Reaktionen auf das BND-Urteil: Zustimmung, aber auch Kritik

Bundesjustizministerin Christine Lambrecht (SPD) hat das BND-Urteil des Bundesverfassungsgerichts begrüßt. Es sei gut, dass Karlsruhe die Einhaltung der Grundrechte anmahne und den Schutz des Fernmeldegeheimnisses und der Pressefreiheit bei Überwachungsmaßnahmen auch auf Ausländer im Ausland erstreckt habe, sagte sie am 20.05.2020. Es gibt aber auch kritische Stimmen, die vor einer Schwächung der Terrorabwehr warnen.

Röttgen warnt

CDU-Außenexperte Norbert Röttgen etwa sieht durch das Urteil die Arbeit des Auslands-Nachrichtendienstes eingeschränkt. " Mit der Entscheidung, die Geltung deutscher Grundrechte auch im Ausland anzunehmen und den BND bei seiner strategischen Auslandsaufklärung daran zu binden, wird Neuland betreten“, sagte er am 20.05.2020 dem "Redaktionsnetzwerk Deutschland". "Ob und wie der BND unter diesen Bedingungen noch arbeiten kann, ist ungewiss.“

BVerfG fordert klare Regeln und Grenzen für die BND-Befugnisse

Das Bundesverfassungsgericht hatte am 19.05.2020 entschieden, dass sich der BND bei seinen weltweiten Überwachungsaktivitäten an deutsche Grundrechte halten muss. Die Politik soll nun das BND-Gesetz bis spätestens Ende 2021 grundlegend überarbeiten. Konkret geht es um die Vorschriften für die sogenannte strategische Fernmeldeaufklärung im Ausland. Dabei durchforstet der BND ohne bestimmten Verdacht große Datenströme auf interessante Informationen. Laut dem Urteil muss der Gesetzgeber die BND-Befugnisse viel genauer regeln und begrenzen.

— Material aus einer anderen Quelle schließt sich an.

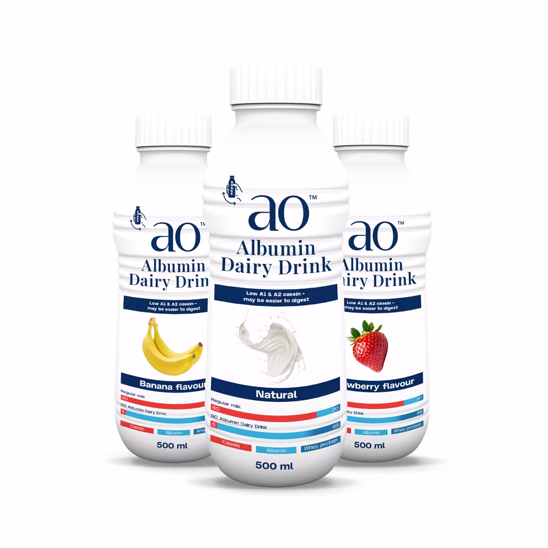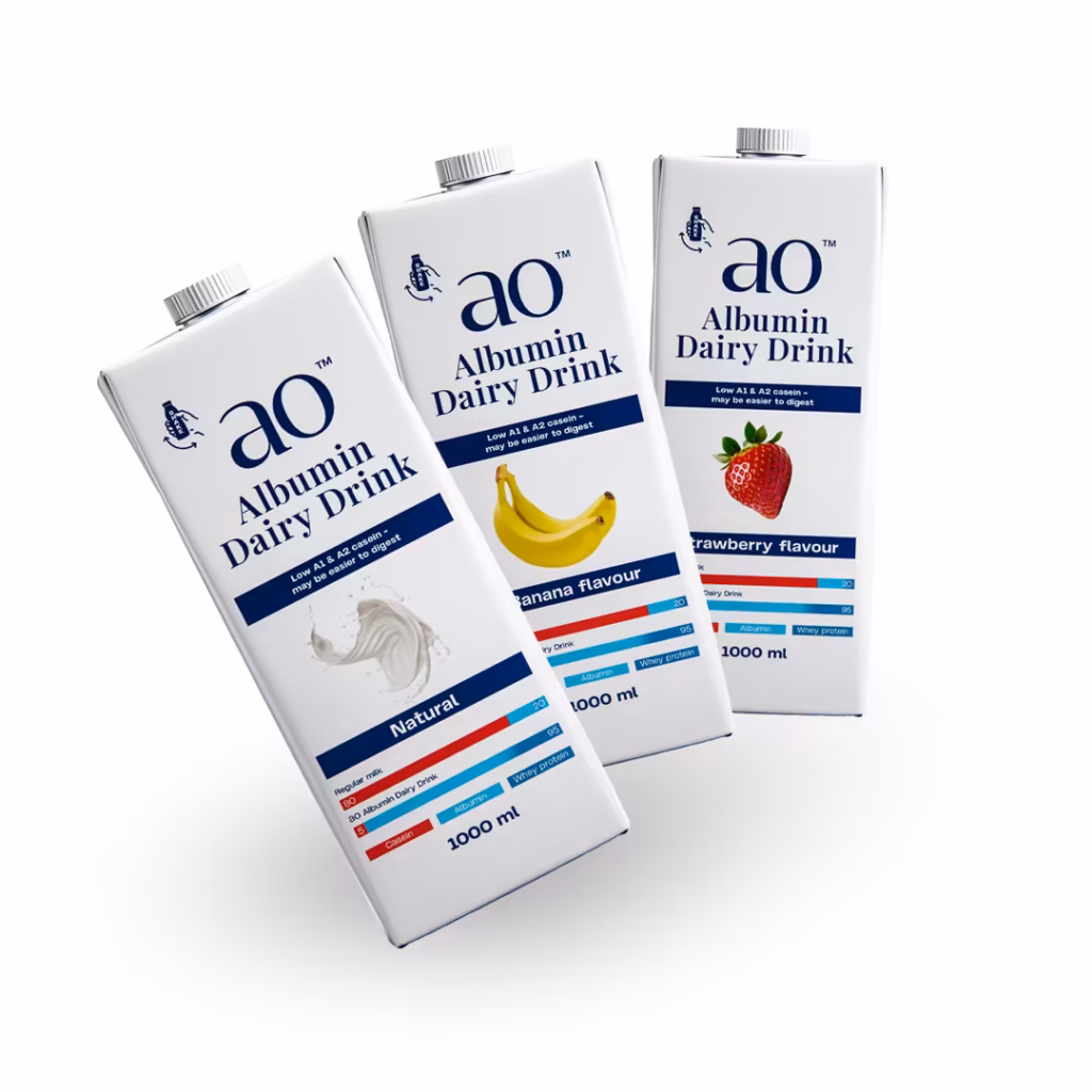 a0 Dairy Drink contains 20 – 30 g of whey protein per litre. Whey proteins are high-quality proteins that are efficiently absorbed by the body.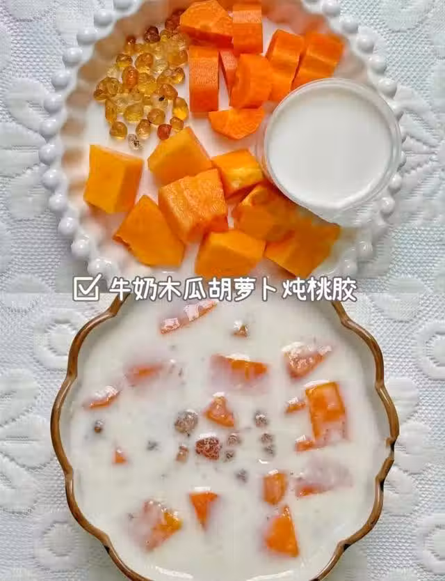 食材:木瓜,桃膠,牛奶,胡蘿蔔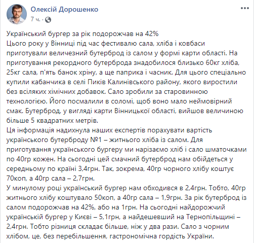 Он сообщил, что стоимость "бургера", как его называет Дорошенко, решили пересчитать после прошедшего фестиваля сала в Виннице.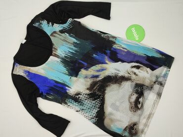 Bluzka damska Lady M z nadrukiem - Fason: luźna tunika/bluzka z krótkim rękawem, okrągły dekolt. - Kolor: czarny tył; przód z dużym, artystycznym nadrukiem – czarno‑biały portret kobiety oraz inte...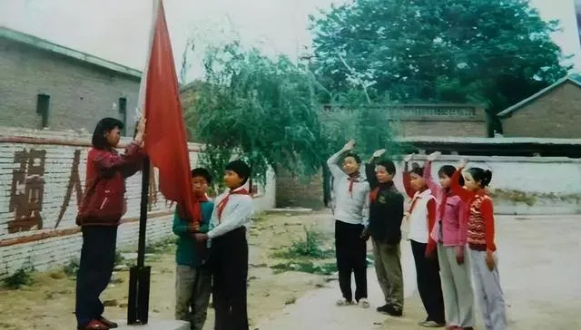 图中这块红旗杆旁的小仪式叫升旗,黑铁底座沉甸甸的,旗杆直直地立着,布一拽起来就抖成一条火苗,队里同学围着站一排,戴着红领巾的把手举得笔直,口号一喊气都跟着足了,早上风凉,旗边擦到脸上有点扎,我当时总偷瞟角落里的朋友,谁要是笑场,回教室路上得被同桌轻轻撞一下。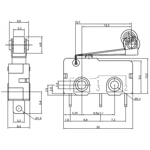 SPDT Snap-Action Switch with 16.3mm Roller Lever (3-Pin 5A)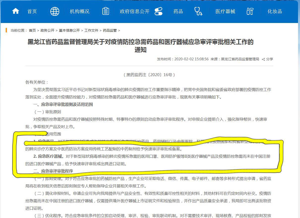 黑龍江省 | 用于疫情防控特殊審批的產品,批準證明文件在疫情結束后自動失效 |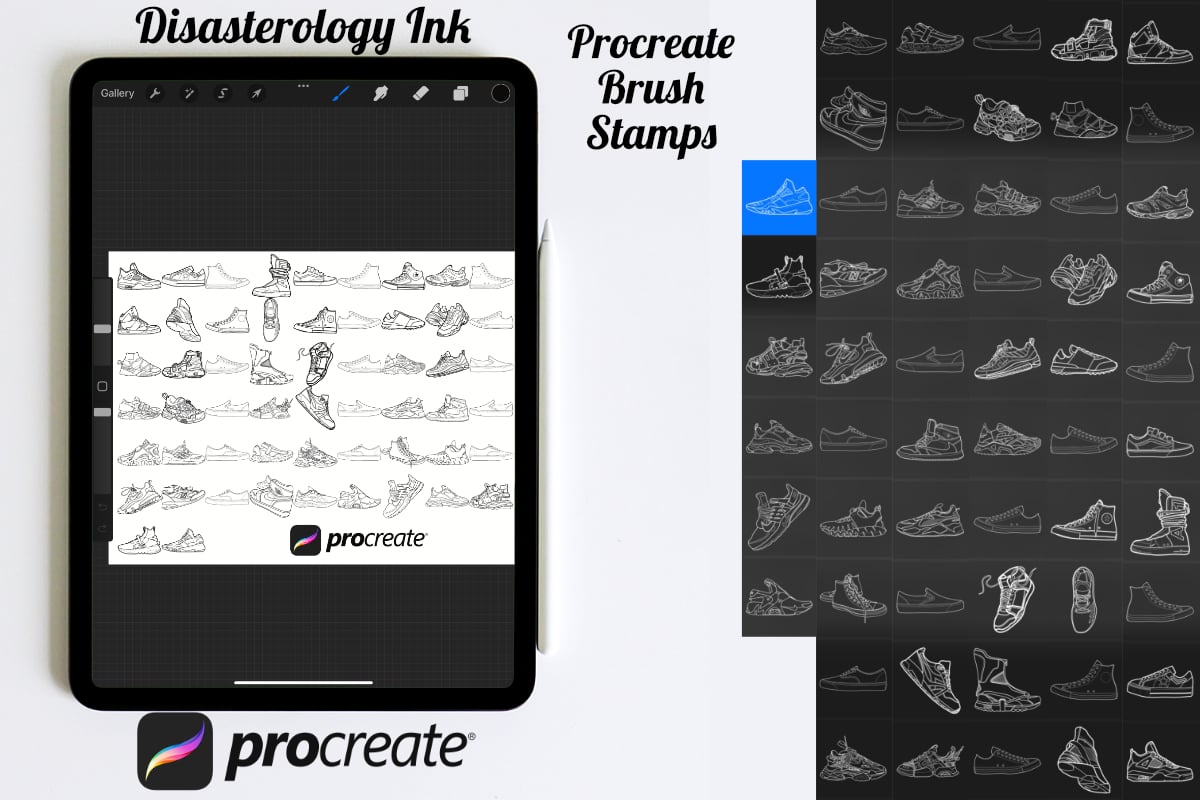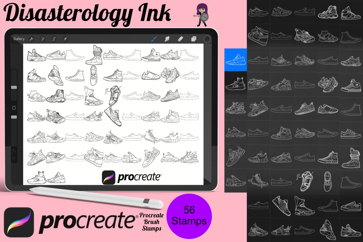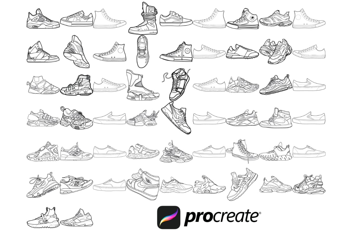 Sneaker Trainer Shoe Set 1 Procreate Brush Stamps, 56 Shoes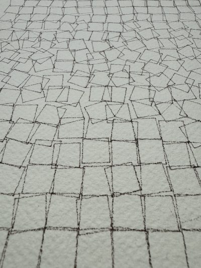 At a high level, it’s a simple and very effective rule – draw a square; repeat, adding a small but increasing amount of rotation (noise) with each column and row. Such a basic piece of code produces a wonderful and pleasing – to my eyes – “disintegration” effect. My description is a very simplistic way of understanding the code – more recently, Zellyn Hunter has done a fabulous two part deep dive on the program, going as far as recovering the random seed used to create the specific piece of work that is part of the collection at the V&A Museum in London1. Until about a month ago I had an alternate / approximated version2 hanging just inside the door of the studio, and thanks to Zellyn I now have a precise recreation generated from Python, plotted using my own machine, on fine black paper using gold ink.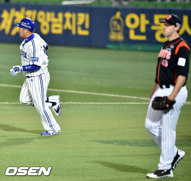 7일 오후 대구시민운동장 야구장에서 열린 '2015 타이어뱅크 KBO 리그' 삼성 라이온즈와 롯데 자이언츠의 경기, 4회말 1사 삼성 최형우가 우중월 선취 솔로홈런을 날린 후 그라운드를 돌고 있다.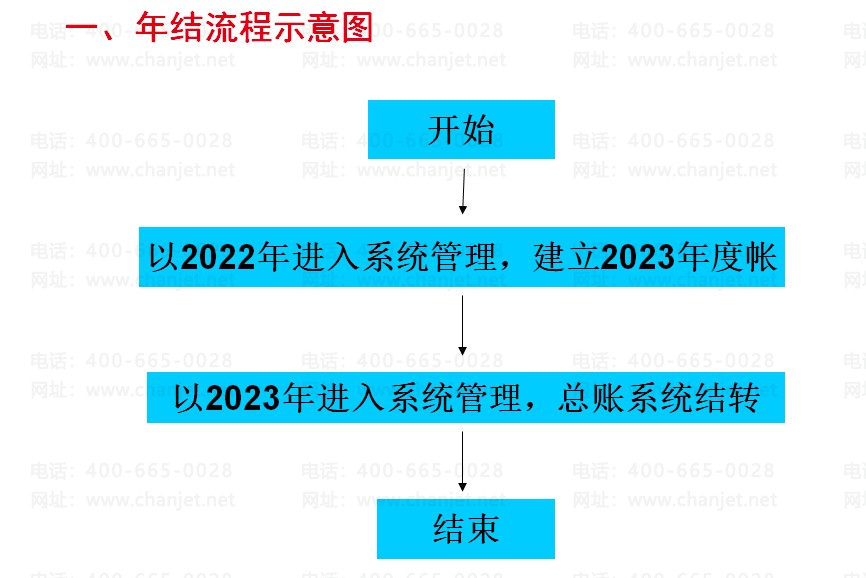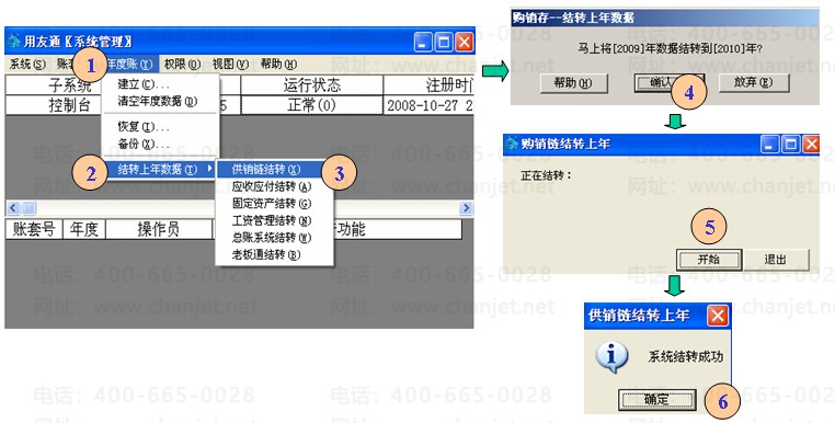 以账套主管进入系统管理→年度帐→结转上年数据→供销链结转→确定→开始→确定 系统结转成功(如果没有这些模块,只有总账模块,可以直接点总账系统结转,其他跳过)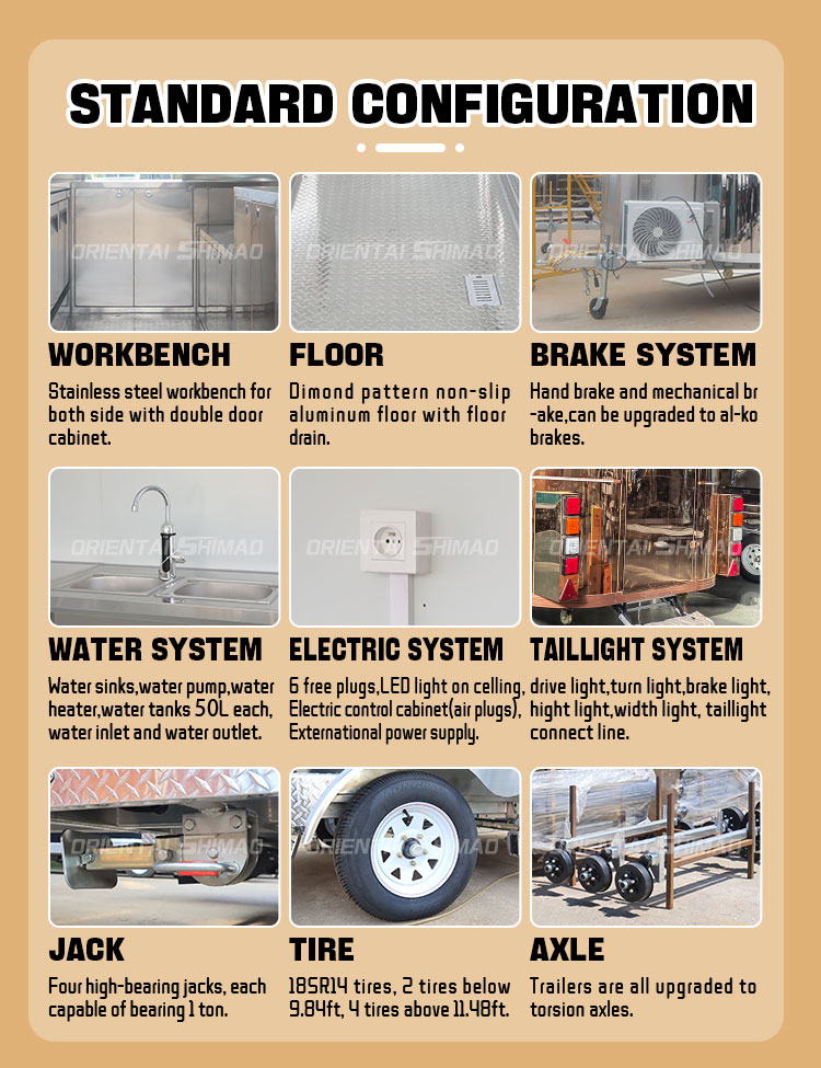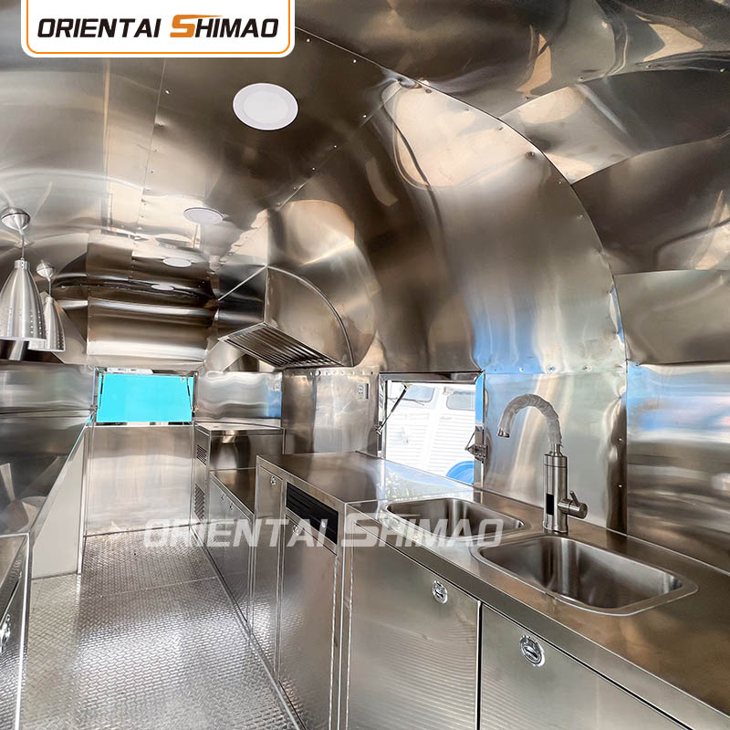 Золотистая нержавеющая сталь: внешняя часть фургона для еды изготовлена из высококачественной золотой нержавеющей стали. Этот материал не только обладает превосходной стойкостью к коррозии и истиранию, но и золотистый внешний вид увеличивает визуальную красоту и ощущение высокого качества, благодаря чему грузовик с едой может выделяться в различных условиях.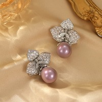 Роскошные тяжелые модные циркониевые микро инкрустированные лепестками в форме капель жемчужные серьги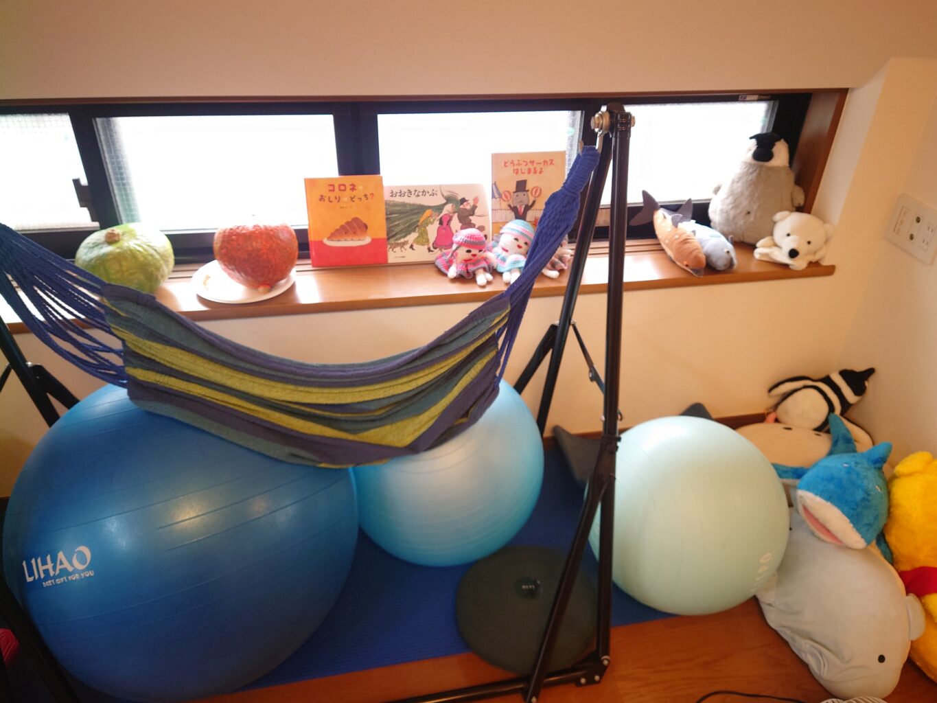 沢山の遊び道具や感覚を掴む器具などが置いてあります。

Bestimmte Berufsgruppen besonders schutzwürdig

Das betrifft laut Urteil eine Vielzahl an Einzelpunkten: Zum Beispiel muss die vertrauliche Kommunikation bestimmter Berufsgruppen wie von Anwälten und Journalisten besonders geschützt werden. Sehr private und intime Inhalte sind unverzüglich zu löschen, wenn sie BND-Mitarbeitern ins Netz gehen. "Das Bundesverfassungsgericht hat explizit erklärt, dass dieses Instrument bei verhältnismäßiger Ausgestaltung mit den Grundrechten vereinbar ist“, hob Lambrecht hervor. "Das kann man hinbekommen. Man muss aber insbesondere die Überwachungszwecke klarer bestimmen und die Kontrollmöglichkeiten verbessern.“

Terrorismusexperte: Unnötige Schwächung des BND

Der Londoner Terrorismusexperte Peter Neumann sieht etwa in Kriegsgebieten "eine absurd hohe Hürde“ darin, Grundrechte auch für Ausländer im Ausland gelten zu lassen. "Ich weiß nicht, wie man das umsetzen soll", sagte er dem Redaktionsnetzwerk Deutschland. Der deutsche Auslandsgeheimdienst werde so noch abhängiger von Partnerdiensten in den USA und Großbritannien. "Das Urteil führt zu einer unnötigen Schwächung des BND.“

Stimmen nach Nachrichtendienstbeauftragten des Bundestags werden laut

Infolge des Urteils forderte der innenpolitische Sprecher der FDP-Fraktion, Konstantin Kuhle, einen Nachrichtendienstbeauftragten des Bundestags. Das Bundesverfassungsgericht habe klargestellt, "dass wir eine effektivere parlamentarische Kontrolle unserer Nachrichtendienste brauchen", sagte er der Rheinischen Post am 20.05.2020. Angelehnt an den Wehrbeauftragten solle dieser nach Kuhles Vorstellung Informationen über die nachrichtendienstliche Tätigkeit einholen und die Abgeordneten in Berichten darüber informieren. Zudem forderte Kuhle, das Parlamentarische Kontrollgremium zu stärken. Rückendeckung bekam er vom CDU-Politiker Patrick Sensburg. "Er wäre Teil der Exekutiven und könnte nicht nur BND-eigene Dokumente einsehen, sondern auch die Daten, die ausländische Nachrichtendienste zuliefern.“

Snowden: BND-Urteil "Schritt in die richtige Richtung“

Der US-Geheimdienstenthüller Edward Snowden hat das Karlsruher Urteil zu den Überwachungsbefugnissen des Bundesnachrichtendienstes (BND) als "Schritt in die richtige Richtung“ bezeichnet. Er habe mit seinen Enthüllungen 2013 "auch eine Beweisgrundlage für Gerichte schaffen" wollen, sagte Snowden laut einer Mitteilung, die sein deutscher Anwalt Wolfgang Kaleck am 19.05.2020 verbreitete. "Ich hoffe, dass sich andere Staaten am heutigen Gerichtsurteil ein Beispiel nehmen und dass auch internationale Standards entwickelt werden, um den Aufbau solcher Systeme zu verbieten.“ Kaleck ist auch Generalsekretär des European Center for Constitutional and Human Rights (ECCHR).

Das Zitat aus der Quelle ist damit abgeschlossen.